У человека на крыльце один рукав хэбэшки был аккуратненько подвернут до локтя, а на груди висели ордена солдатской Славы, три сразу, полный бант. Это тебе не ленинский профиль, полученный в мирное время. Да еще липовый.
— А к чему вам, ребяты, идти куда. Дело-то молодое, да еще к ночи. — Трижды орденоносец закашлялся. — Вона, валяйте-ка в младшую группу, один хрен, детки все на даче. В саде только я да баба моя, храпит, верно, в три завертки. Не могет пить, слабый пол… А вы и катитесь в младшую-то группу. Червонца бы за три… Ну за два…
В умильном голосе его слышалась надежда. «О Господи, неземное счастье за два червонца!» — Епифан с легкостью взял Машу на руки, бережно, словно невесту, внес на крыльцо и, осторожно поставив на ноги, вытащил хрустящую, размером с носовой платок, бумажку:
— Держи, браток.
— Ёшкин кот, сотельная! — Герой захрустел бумажкой, и голос его сорвался, осип. — Ну, ребяты, ну!.. Давайте по колидору налево, вторая дверь. Там и матрацы имеются, не пропадете. А я к Салтычихе за водкой, уж теперь-то…
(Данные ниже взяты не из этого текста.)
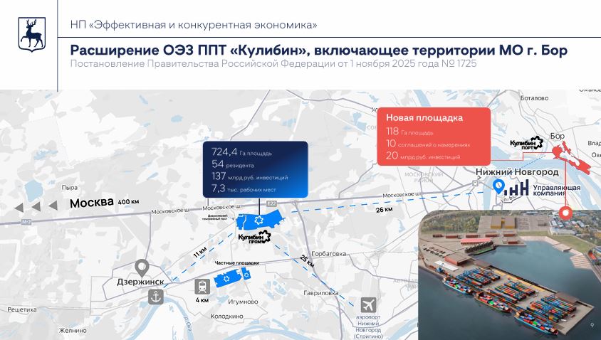 Напомним, 1 ноября правительство РФ одобрило увеличение площади ОЭЗ «Кулибин» на 118 гектаров за счёт борских площадок. Теперь общая площадь зоны составляет 842 гектара. Всего резидентами ОЭЗ являются 54 организации, 9 из них уже запустили свои производства.
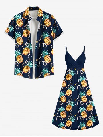 Graphic Dresses > Plus Size Pineapple Beading Print Hawaii Surplice A Line Cami Dress
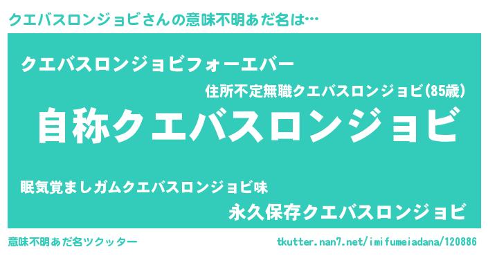 | 女子向けラノベタイトル風あだ名 | 『クエバスロンジョビなんてお断りですっ。』 |
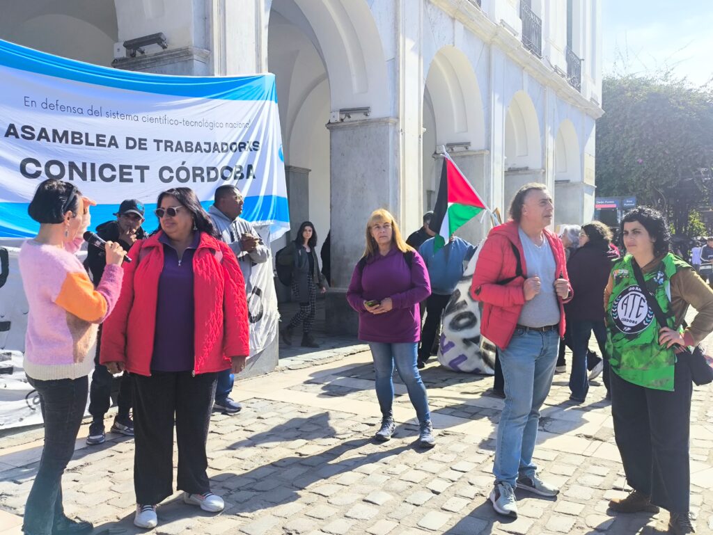 Las y los trabajadores de CONICET Córdoba, junto a integrantes de la Mesa Sindical de ciencia y Técnica y miembros del Consejo Directivo Provincial (CDP) realizaron hoy la primera de las dos jornadas de protesta que el organismo de formación y desarrollo científico estatal nacional celebran para reclamar presupuesto para el complejo científico tecnológico y la educación pública.
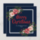 Design de cartão de Natal elegante com cor d'água florais de inverno e fundo azul marinho.
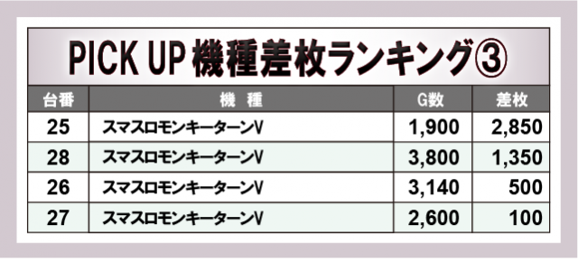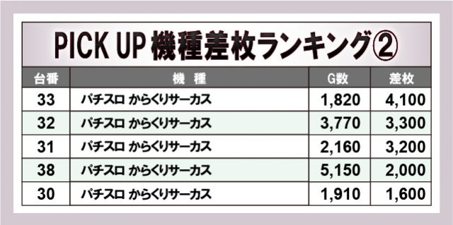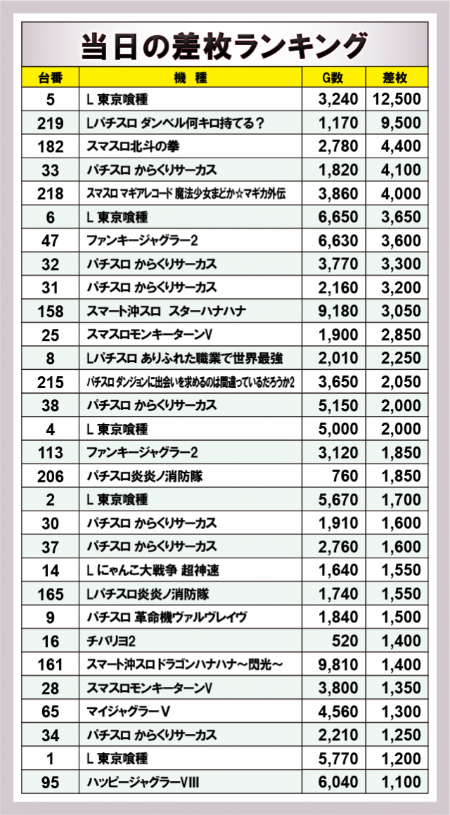 上表の4機種から4桁プラス台が複数発生し、ファンが自信をもってレバーを叩いていた様子が目に浮かぶ。またAT機のみならず、ノーマル機の『ファンキージャグラー2』でも優秀台がうまれており、スペック問わずに活躍していたことから、同店の力強さが窺える内容となっていた!

Епифан взял Машу за руку, и они шагнули за порог, словно перешли Рубикон, не оглядываясь, не задумываясь о пути назад…
Андрон (1977)
Первое лето служения родине началось для Андрона скверно — кухонным нарядом да еще в варочной. А варочная — это мозаичный пол, который надо драить по десять раз на дню, бездонные котлы, вылизываемые до зеркального блеска, шум, гам, великая суета, грохот посуды и ни минуты покоя. Сатанинское пекло, где воняет мерзостно, жара как в аду, и орут по любому поводу разъяренные повара:
— Эй, варочный! Варочный! Варочный!
Впрочем, не факт, все зависит от смены. Ефрейтор Щербаков, блатняк-ленинградец, земляков особо не мордует, если в хорошем настроении, так еще и в офицерский кабинет зазовет, навалит с верхом антрекотов и наструганной соломкой жареной картошечки. А вот рядовой Нигматуллин… Гоняет, сволочь, и в хвост, и в гриву. Совсем озверел, шакал, после того, как на гауптвахте побывал. И поделом, неча в автоклаве хэбэ кипятить. А уж если стираешь, то хоть воду-то сливай. А то ведь какая история, ефрейтор Щербаков смену принял, увидел что-то мутное в котле и неописуемо обрадовался — спасибо Нигматуллину, бульон уже готов. И сварил не долго думая борщ на хэбэшном отваре…
Плохо началась неделя, хлопотно, в смраде, в грохоте, да только неизвестно, где найдешь, где потеряешь, в армии все в руках командирских. Утром в среду Андрона выдернули в ротную канцелярию. Это было небольшое, декорированное дубом помещение, в котором царила атмосфера дисциплины и субординации. Ротный властелин, старлей Сотников, восседал по-барски за столом, курил и с деловитой начальственностью медленно водил носом. Рядышком устроился ефрейтор Мартыненко и привычно, беглым почерком, заполнял секретную тетрадь — сочинял конспект занятия по политнатаскиванию офицерского состава. На щекастом, лос-иящемся лице его было написано страдание: из-за своей незаменимости на дембель он уходил в последней четвертой партии вместе со всеми разгильдяями и залетчиками…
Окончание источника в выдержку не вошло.